To support get_block_status in this general read_bitmap, we will need to 
define something like 'multibitmap', which allows several bits per 
chunk, as allocation data has two: zero and allocated.

>
>> 5. Number of status descriptors, sent by server, should be restricted
>>    variants:
>>    1: just allow server to restrict this as it wants (which was done in v3)
>>    2: (not excluding 1). Client specifies somehow the maximum for number
>>       of descriptors.
>>       2.1: add command flag, which will request only one descriptor
>>            (otherwise, no restrictions from the client)
>>       2.2: again, introduce extended nbd requests, and add field to
>>            specify this maximum
> I think some form of extended request is the way to go, but out of
> interest, what's the issue with as many descriptors being sent as it
> takes to encode the reply? The client can just consume the remainder
> (without buffering) and reissue the request at a later point for
> the areas it discarded.

the issue is: too many descriptors possible. So, (1) solves it. (2) is 
optional, just to simplify/optimize client side.

>
>> 6. A: What to do with unspecified flags (in request/reply)?
>>    I think the normal variant is to make them reserved. (Server should
>>    return EINVAL if found unknown bits, client should consider replay
>>    with unknown bits as an error)
> Yeah.
>
>> +
>> +* `NBD_CMD_BLOCK_STATUS`
>> +
>> +    A block status query request. Length and offset define the range
>> +    of interest. Clients SHOULD NOT use this request unless the server
> MUST NOT is what we say elsewhere I believe.
>
>> +    set `NBD_CMD_SEND_BLOCK_STATUS` in the transmission flags, which
>> +    in turn requires the client to first negotiate structured replies.
>> +    For a successful return, the server MUST use a structured reply,
>> +    containing at most one chunk of type `NBD_REPLY_TYPE_BLOCK_STATUS`.
> Nit: are you saying that non-structured error replies are permissible?
> You're always/often going to get a non-structured  (simple) error reply
> if the server doesn't support the command, but I think it would be fair to say the
> server MUST use a structured reply to NBD_CMD_SEND_BLOCK_STATUS if
> it supports the command. This is effectively what we say re NBD_CMD_READ.

I agree.

>
>> +
>> +    The list of block status descriptors within the
>> +    `NBD_REPLY_TYPE_BLOCK_STATUS` chunk represent consecutive portions
>> +    of the file starting from specified *offset*, and the sum of the
>> +    *length* fields of each descriptor MUST not be greater than the
>> +    overall *length* of the request.
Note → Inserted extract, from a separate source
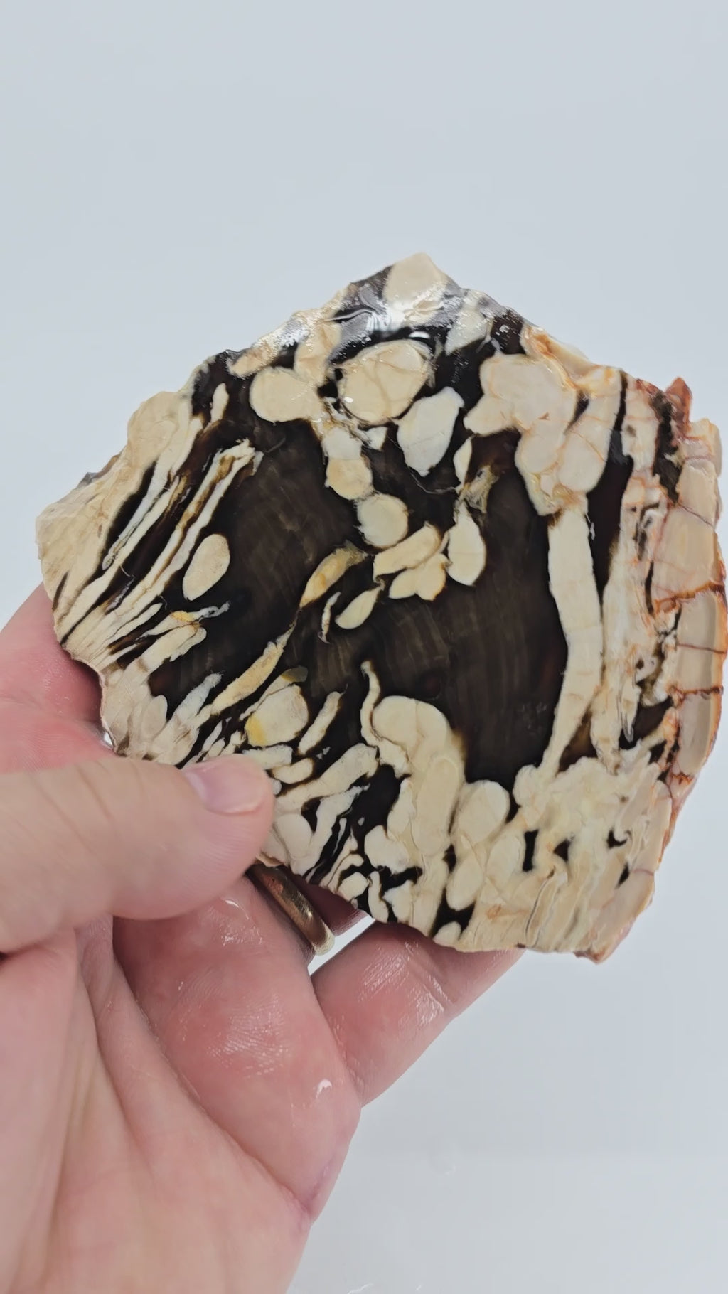 Peanut Wood Petrified Wood Slab – Classic Pattern with Woodgrain – Riddled with Larvae Tunnels

This means that the server MAY
>> +    return less data than required. However the server MUST return at
>> +    least one status descriptor
> I'm not sure I understand why that's useful. What should the client
> infer from the server refusing to provide information? We don't
> permit short reads etc.

if the bitmap is 010101010101 we will have too many descriptors. For 
example, 16tb disk, 64k granularity -> 2G of descriptors payload.

>
>> .  The server SHOULD use different
>> +    *status* values between consecutive descriptors, and SHOULD use
>> +    descriptor lengths that are an integer multiple of 512 bytes where
>> +    possible (the first and last descriptor of an unaligned query being
>> +    the most obvious places for an exception).
> Surely better would be an an integer multiple of the minimum block
> size. Being able to offer bitmap support at finer granularity than
> the absolute minimum block size helps no one, and if it were possible
> to support a 256 byte block size (I think some floppy disks had that)
> I see no reason not to support that as a granularity.
>

Agree. Anyway it is just a strong recommendation, not requirement.

-- 
Best regards,
Vladimir